• frank
    16k
    Just a fact! :rofl: You know nothing about me. As I thought; you can't come up with the goods. It's a little sad that you feel a need to resort to such tactics, Frank. what are you trying to defend?Janus

    If you read a little about Chalmers' p-zombie argument it will become clear to you why your objections are irrelevant.

    I have no interest in explaining it to you just to have you repeat your nonsense.
  • Janus
    16.5k
    If you read a little about Chalmers' p-zombie argument it will become clear to you why your objections are irrelevant.

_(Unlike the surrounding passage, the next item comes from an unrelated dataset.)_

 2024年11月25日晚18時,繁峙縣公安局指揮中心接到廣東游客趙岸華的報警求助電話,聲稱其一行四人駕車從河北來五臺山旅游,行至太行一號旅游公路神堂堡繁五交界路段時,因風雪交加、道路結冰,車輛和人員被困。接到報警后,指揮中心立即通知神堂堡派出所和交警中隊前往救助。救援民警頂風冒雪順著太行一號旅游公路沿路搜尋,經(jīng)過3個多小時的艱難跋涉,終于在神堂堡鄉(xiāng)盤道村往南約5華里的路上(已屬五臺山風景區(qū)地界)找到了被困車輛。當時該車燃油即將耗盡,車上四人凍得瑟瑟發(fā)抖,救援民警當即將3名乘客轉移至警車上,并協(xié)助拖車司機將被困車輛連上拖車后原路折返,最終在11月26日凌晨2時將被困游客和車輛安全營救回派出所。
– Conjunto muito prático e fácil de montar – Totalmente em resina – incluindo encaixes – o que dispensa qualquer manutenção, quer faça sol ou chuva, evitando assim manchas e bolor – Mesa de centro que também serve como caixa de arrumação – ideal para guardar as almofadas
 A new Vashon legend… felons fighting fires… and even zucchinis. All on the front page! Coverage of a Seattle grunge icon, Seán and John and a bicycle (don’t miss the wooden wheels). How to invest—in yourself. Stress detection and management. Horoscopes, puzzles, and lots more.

    I have no interest in explaining it to you just to have you repeat your nonsense.
    frank

    When someone has enough interest to make a comment they claim they don't have enough interest to explain; I smell something distinctly rotten.
  • InPitzotl
    880
    A computer can't tell you it's conscious?frank
    I'm a bit lost. This is what a zombie is according to Chalmers:
    A zombie is physically identical to a normal human being, but completely lacks conscious experience. — Chalmers
    http://consc.net/zombies-on-the-web/

    ...that doesn't sound like a computer. So what's the objection here?
  • frank
    16k


    That was a reply to Janus, who found it impossible to conceive of an entity that tells you it's conscious when it isn't.
  • Marchesk
    4.6k
    Not if a mechanical device is forbidden from using the word. If a thermostat doesn't feel warmth, then neither do I. I admit to pain being a rare one, with few devices having sensors to provide it.noAxioms

    Is the thermostat biologically equivalent to you? But this isn't about what words you can and can't use if you subscribe to this or that. It's about the fact that you do feel warmth. Whether you want to grant or deny that to thermostats is a different matter. I tend to think they're incapable of feeling warmth, although I wouldn't rule some form of panpsychism completely out.

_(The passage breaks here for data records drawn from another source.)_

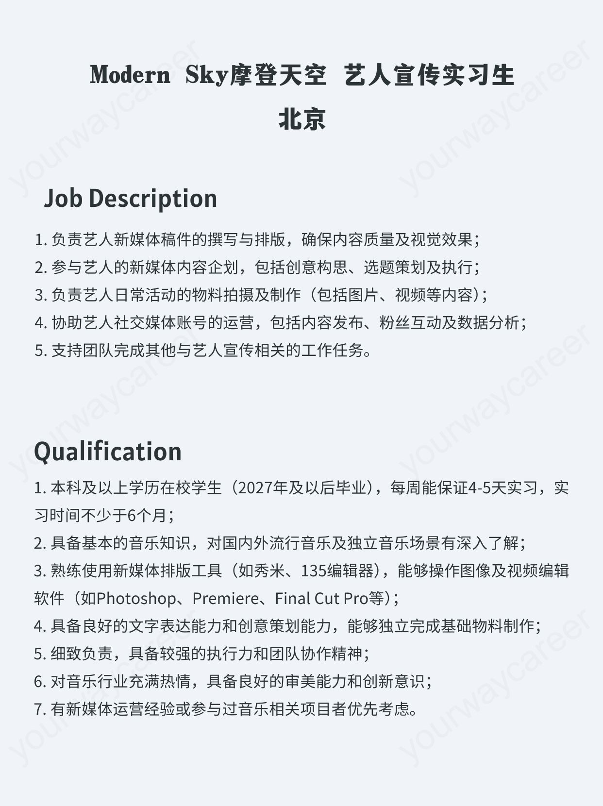 北京|Modern Sky摩登天空 艺人宣传实习生
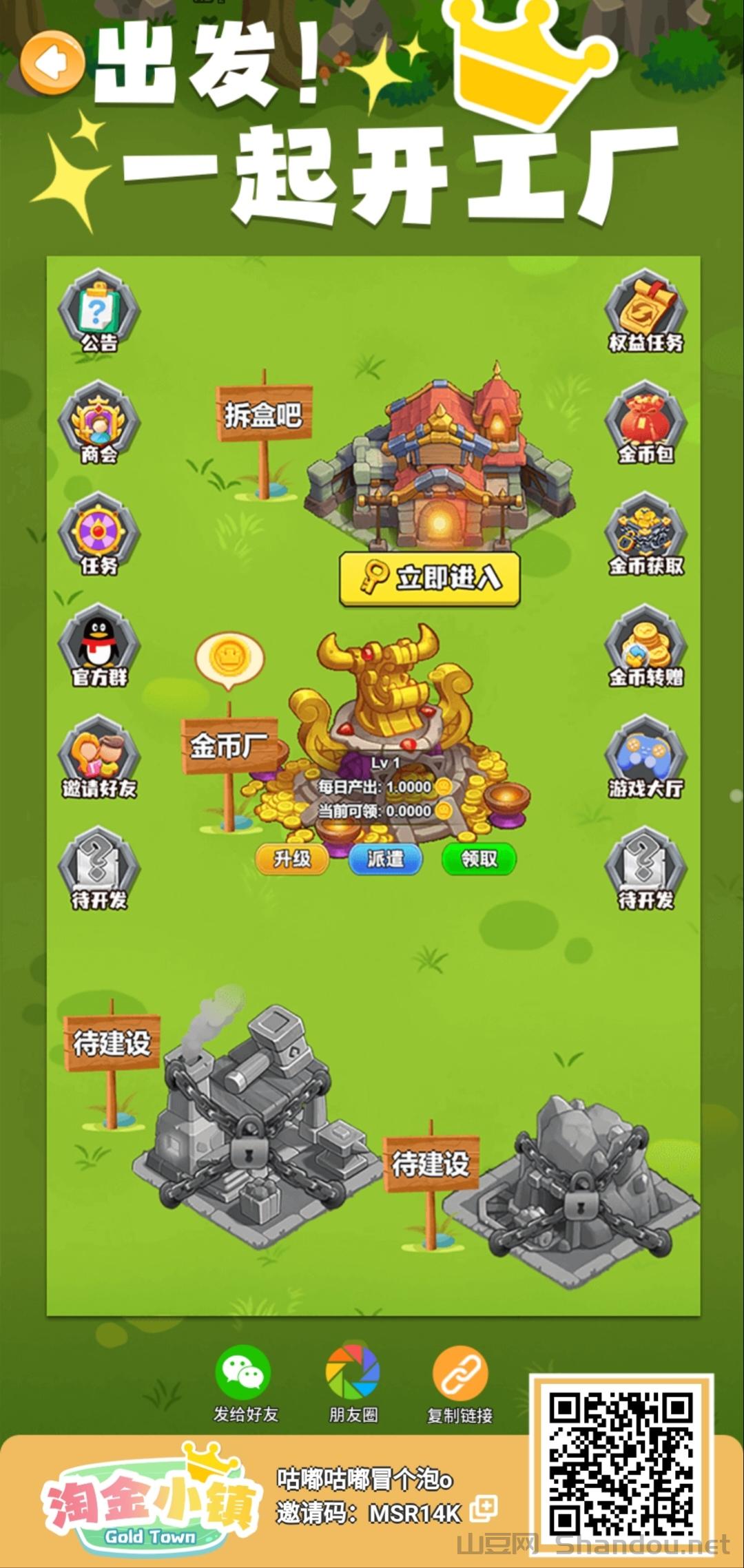 每日邀请好友累计拿3金币,下级首次升级工厂拿5金币!
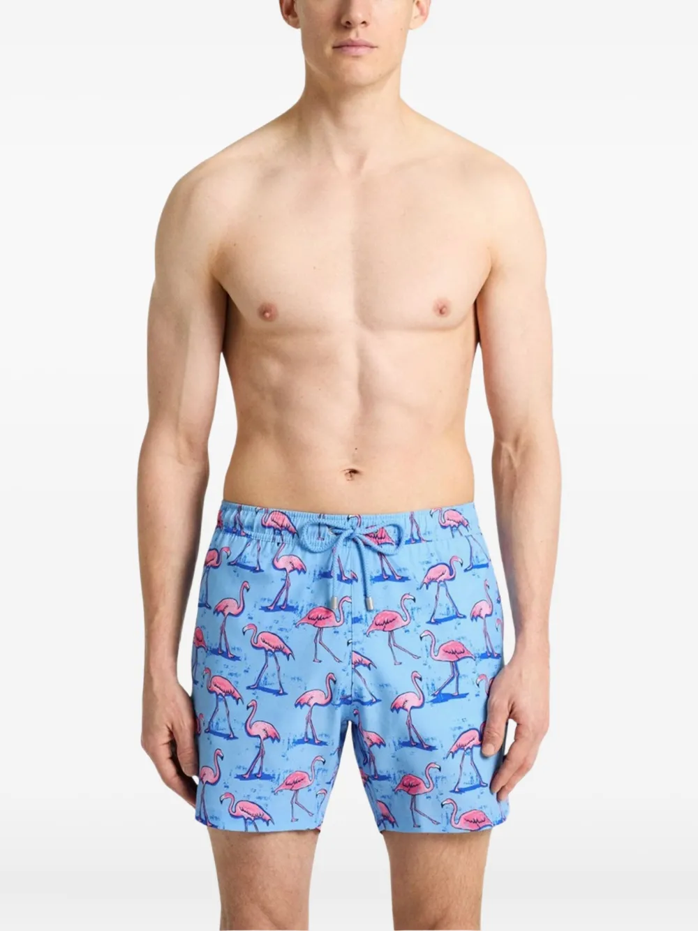 lichtblauw flamingoprint trekkoordsluiting elastische tailleband all-over patroon Zwemkleding moet over je eigen kleding worden aangepast.

    I simply don't believe you when you claim skepticism about feeling warmth just because you can't say the same for thermostats in this discussion.
  • noAxioms
    1.5k
    Of course they are. This is why they tend to say we have these properties, but these things over here, they don't.InPitzotl
    Don't or can't? This seems awfully begging to me.
    if you had your name scratched onto the toaster when I stole it, it will tend to still be scratched on there unless I scratched it off.
    Would it make it not the same toaster if the name got scratched off, or was never there in the first place? Despite my calling it a 'legal identity' (an old habit), I'm not talking about being able to prove the fact to a court of law. I'm talking about it actually being the toaster in question or not.
    Perhaps 'pragmatic identity' fits better.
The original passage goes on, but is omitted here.